The Flexibility Double Standard

27 November 2012
Knowledge, Symmetra


Prospective dads and partners can now apply for paid time off work when their new baby is born. Eligible fathers are entitled to two weeks paid leave under the federal governments Dad and Partner Pay scheme, as of 1 January 2013.

The leave itself is not a new entitlement, but the payment is. Under the national employment standard, eligible fathers and partners were already entitled to three weeks’ unpaid leave. Eligible fathers will be paid at the national minimum wage – roughly $606 per week – for two of the three weeks.

The payment will also be available to adopting parents and parents in same-sex couples who share the role of caring for a child born or adopted from January 1, 2013. It is also means tested – fathers must earn less than $150,000 per annum in the previous financial year.

Families Minister Jenny Macklin, suggests that the new entitlement is a “’use it or lose it’ provision to encourage fathers and other partners to take some time off, and signals to employers that a father’s role in caring for a new baby is important.”

The Productivity Commission recommended providing paid leave for dads, arguing it would reduce the financial and emotional pressure on families and sends a strong signal that taking time out of the paid workforce to care for children was part of the usual course of life.

It also signals a shift in perception surrounding flexibility for men in the workplace.

Nevertheless, flexibility is most often thought of in terms a women’s role juggling her family and her career.  Not as much reverence is given to male workers who want to take time off to support their child at a cricket match or take a sick child to the doctor.

The effect of inflexible workplaces on men has been largely overlooked, inspiring a new report, Men Get Flexible! Mainstreaming Flexible Work in Australian Business.

The report highlights that men are burdened by the prospect of balancing their work and family/personal obligations. They are reticent to ask for flexibility, fearing that it will negatively affect their career prospects.

While 79% of young fathers would prefer to choose their start and finish times, only 41% actually do. Similarly, 79% of young fathers prefer to work a compressed work week, but only 24% do.

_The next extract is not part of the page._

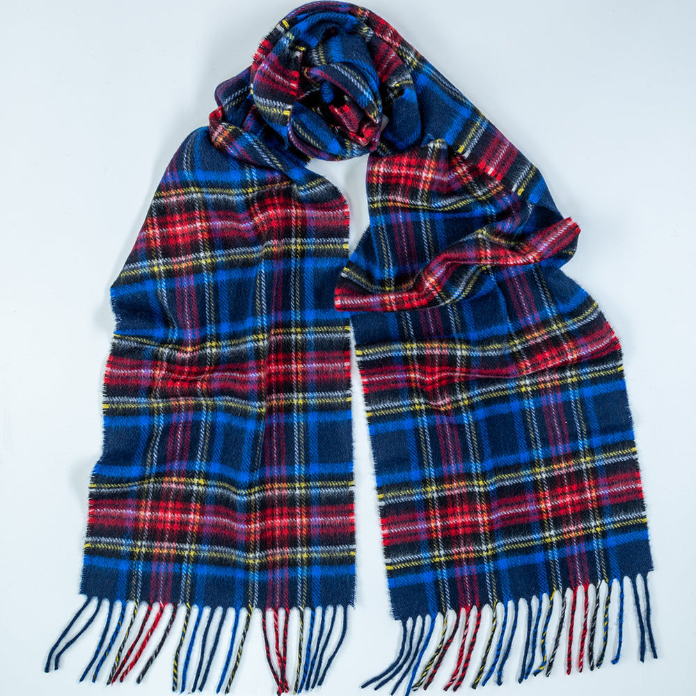 This classic Black Stewart tartan cashmere scarf is woven in Scotland from high quality pure cashmere and its tones of black, blue, green and red make it a failsafe tartan choice for those who favour a subtle look. Luxuriously soft and warm it brightens up winter outfits and makes an excellent gift.

The report also indicates that 18% of men have seriously considered leaving their jobs because of a lack of flexibility. This figure increased to 37% for young fathers.

This makes sense given that only a small number of male leaders have engaged in flexible work arrangements in a meaningful way, thus proving that success and flexible work can coexist.

Despite this, having the flexibility to manage their family/personal life was in the top five job characteristics for all men, while for younger fathers it was the third most highly valued job characteristic.

As we know, flexibility drives productivity. A recent Regus report suggests that flexible ways of working are becoming more the norm as businesses and employees enjoy the personal and commercial benefits these practices afford.

Business managers across the globe report that staff have a better work/life balance and are more energized and motivated as a result of flexible working. It has thus become a key talent retention tool.

The Regus report provides hard evidence that businesses globally are convinced that flexible work helps companies overcome barriers for growth. The majority, 72%, of global businesses report that increased productivity is a direct result of flexible working practices.

However, if male leaders persist in not engaging in flexible work options for themselves, the implication is unmistakable: Only employees who spend long hours in the office will thrive.

Nareen Young, chief executive of Diversity Council Australia, says more men (64%) are now part of dual-earner families, which means they are expected to be more involved in parenting. On top of parenting responsibilities, 31% of men have elder care commitments.

With regard to employers, Young says, “flexible working arrangements should be standard practice, rather than merely the domain of mothers with young children.”

Thus, organisations need to promote and encourage an organisational culture that is more supportive of flexible work for men, coupled with a durable approach beyond parental leave.

As males disproportionately claim leadership positions, it is essential that they are involved in guiding organisational change with regards to flexibility.